The government of Brunei has also continued to improve the area with the construction of the Mumong Resettlement Area, a Landless Housing Scheme area located to the west of the kampong. Other infrastructure constructed in the kampong includes the Mumong Youth Centre and Sports Complex in the 1990s, which also serves the communities in the vicinity of Kuala Belait and Panaga, and the Kuala Belait Sewerage Treatment plant.

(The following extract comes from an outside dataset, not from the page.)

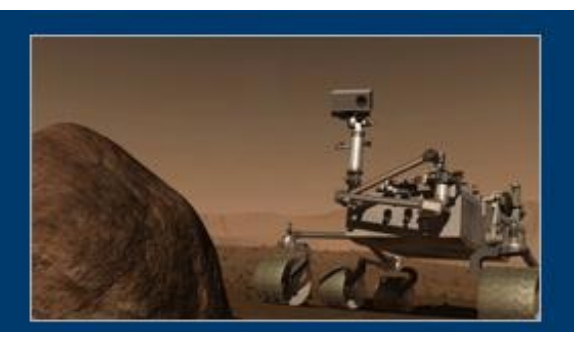
Artist Concept of the Mars Science Laboratory Rover

There may not be any ham radio station on the planet Mars, but there may soon be a lot of ham radio callsigns making their way across the surface of the red planet.

Mumong also lends its name to the Mumong Telephone exchange area, although the physical location of the exchange is in Kampong Pandan.

==Administration==
The area of Mumong is officially administered as two villages, namely Mumong 'A' and Mumong 'B' (formerly known as Mumong Utara and Mumong Selatan respectively), which are the third- and lowest-level administrative divisions of Brunei. They are among the sub-divisions within Kuala Belait, a mukim (sub-district) in Belait District. Mumong 'A' comprises the Mumong public housing estate, as well as the nearby government residential area; Mumong 'B' makes up the Mumong village settlement. The two areas are also designated as postcode areas, thus having the postcodes KA1531 and KA1731 respectively.

The community of each village sub-division is headed by a village head (ketua kampung). However, at present the village head position for Mumong 'B' is vacant, thus in the interim it is administered by the village head of Mumong 'A', and the position is currently held by Mohd Yusof bin Dulamin.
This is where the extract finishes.